J. Jung, E. Sit, H. Balakrishnan, “DNS Performance and the Effectiveness of Caching,” IEEE/ACM Transactions on Networking, V. 10, N. 5, (October 2002). [PDF]


Hierarchical design and aggressive caching are considered to be the main two reasons behind the scalability of DNS. Both factors seek to reduce the load on the root servers at the top of the name space hierarchy; in addition, caching tries to limit client-perceived delays and wide-area network bandwidth usage. This paper analyzes three network traces collected from two different sites during different time periods to study the effectiveness of these factors.

The Data

This study is based on three separate traces (two from MIT and one from KAIST). The authors collected both the DNS traffic and its driving workload, i.e., outgoing DNS queries and corresponding incoming answers (within 60s window) as well as outgoing TCP connections’ SYN, FIN, and RST packets. DNS lookups related to outgoing non-TCP traffic as well as lookups resulting from incoming TCP traffic are excluded, which amount for 5% and 10% of overall lookups, respectively and considered to be negligible.


By analyzing the collected data and performing trace-based simulation, the authors had following observations:

  • Distribution of popular names follow the Zipf’s law, meaning a small fraction of the names are queried large fractions of the time. As a result, popular names can be cached efficiently with smaller TTL values, whereas unpopular names fail to take advantage of caching with larger TTL values.
  • Sharing cache among groups of clients has limited gain in terms of cache hit after the total member count crosses 20-25. This is also due to the Zipfian distribution of name popularity and TTL.
  • The authors found that the client-perceived latency is adversely affected by number of referrals, and caching NS records to reduce the number of referrals will decrease latency as well as load on the root servers.
  • Distribution of names causing negative responses follows a heavy tailed distribution as well. As a result, hit rate of negative caching is also limited.
  • Many DNS servers are too persistent in retrying and overload the network. 63% of the traced DNS query packets were generated by lookups that obtained no answers.

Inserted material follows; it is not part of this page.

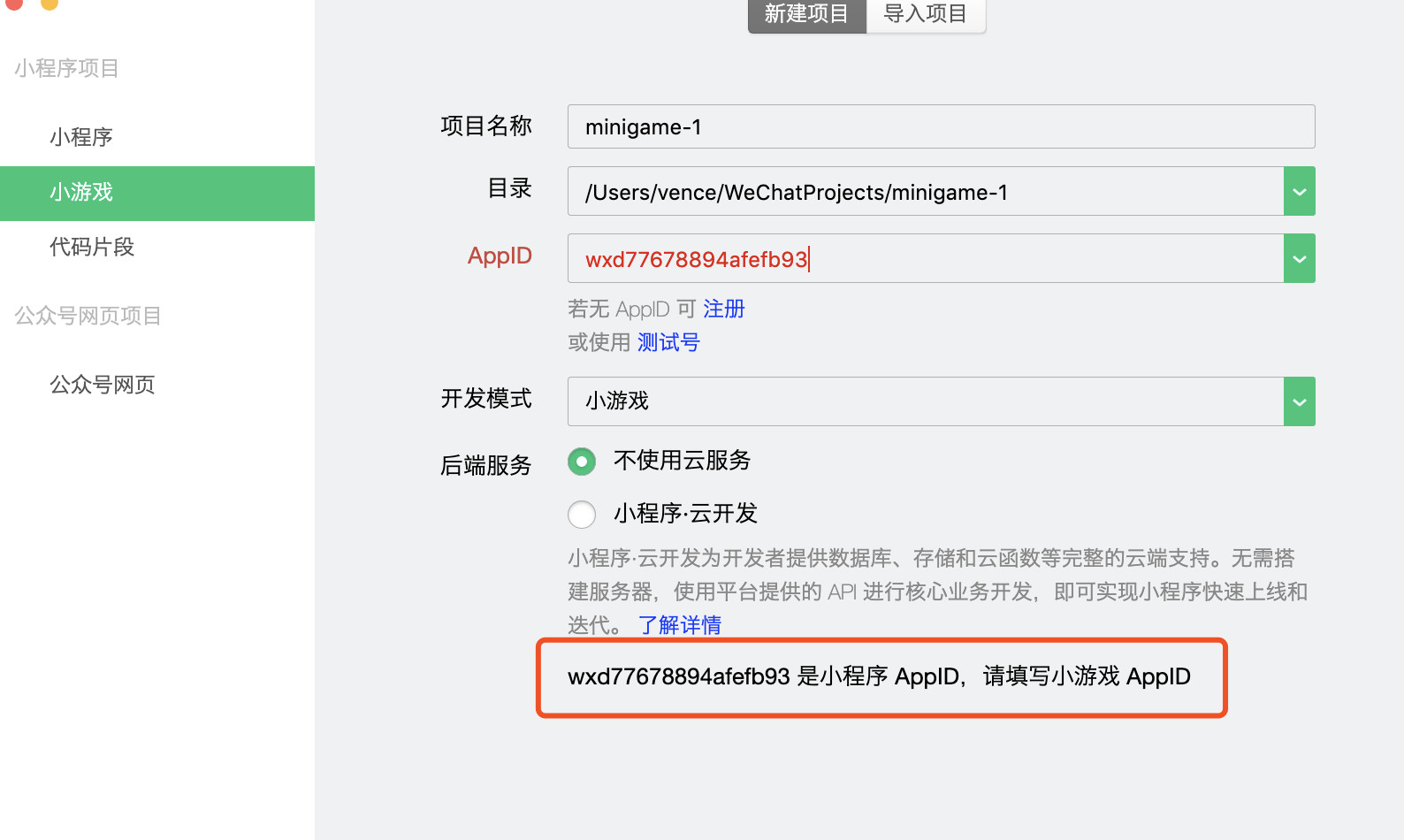 服务类目已经设置为小游戏:开发者工具上填写该APPID,提示是小程序AppID: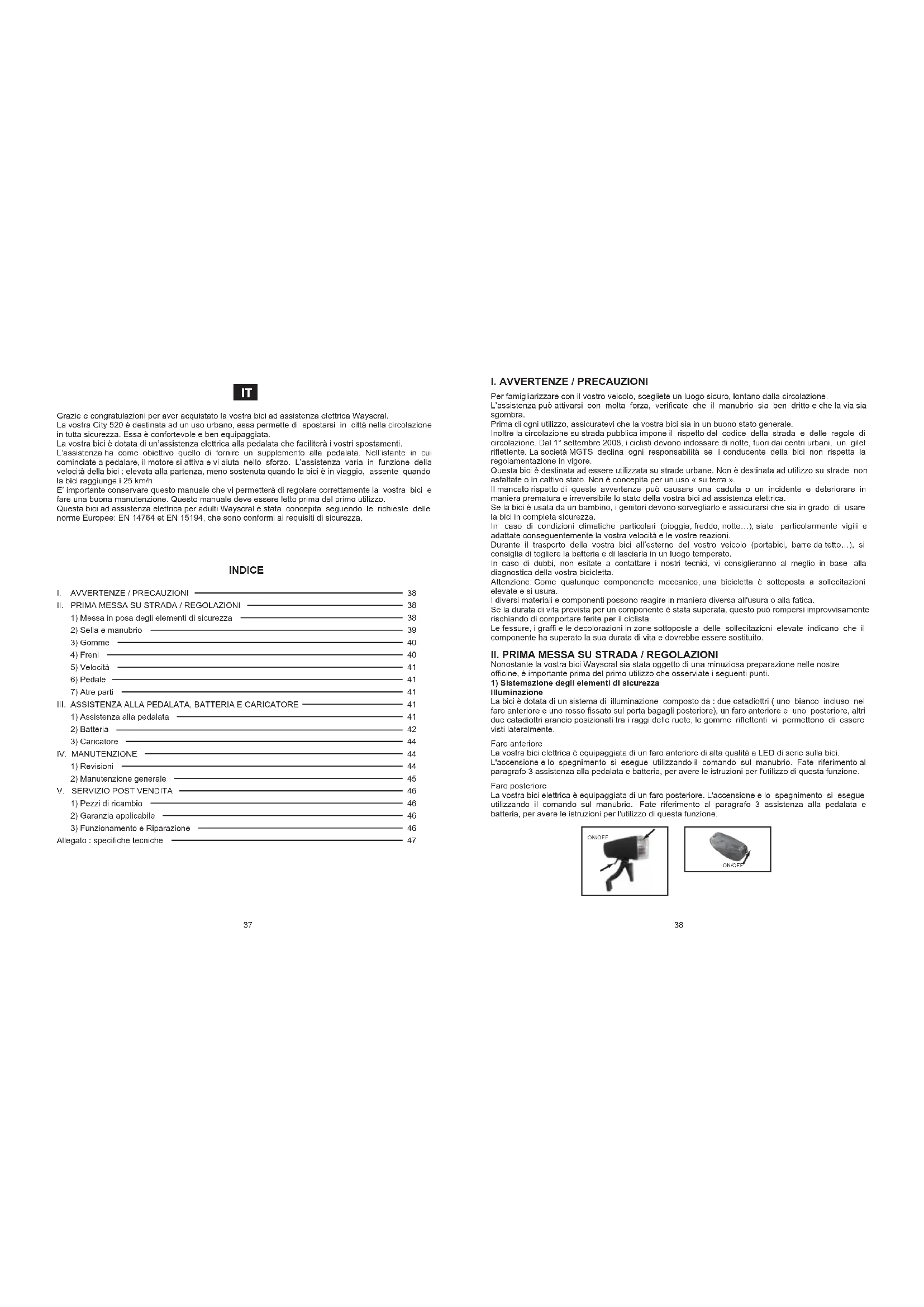 Allegato : specifiche tecniche Grazie e congratulazioni per aver acquistato la vostra bici ad assistenza elettrica Wayscral. La vostra City 520 è destinata ad un uso urbano, essa permette di spostarsi in città nella circolazione in tutta sicurezza. Essa è confortevole e ben equipaggiata. La vostra bici è dotata di un’assistenza elettrica alla pedalata che faciliterà i vostri spostamenti. L’assistenza ha come obiettivo quello di fornire un supplemento alla pedalata. Nell’istante in cui cominciate a pedalare, il motore si attiva e vi aiuta nello sforzo. L’assistenza varia in funzione della velocità della bici : elevata alla partenza, meno sostenuta quando la bici è in viaggio, assente quando la bici raggiunge i 25 km/h. E’ importante conservare questo manuale che vi permetterà di regolare correttamente la vostra bici e fare una buona manutenzione. Questo manuale deve essere letto prima del primo utilizzo. Questa bici ad assistenza elettrica per adulti Wayscral è stata concepita seguendo le richieste delle norme Europee: EN 14764 et EN 15194, che sono conformi ai requisiti di sicurezza.

The authors have done a great job in collecting and analyzing a large amount of data to provide some insights counter-intuitive to common beliefs. However, there are some issues regarding their collected data. It is not sure why they completely ignored UDP traffic. Several observations are made based on how things have changed in 12 months from the two MIT traces, which is effectively drawing conclusions from just two data points. Another thing is that they saw something and sort of explained that to put forth some conclusions counter-intuitive to previous observations by other fellows; however, it is not sure whether they would have seen something common, had they used other people’s data. In short, the collected data might not have been varied enough to draw conclusions about the whole Internet.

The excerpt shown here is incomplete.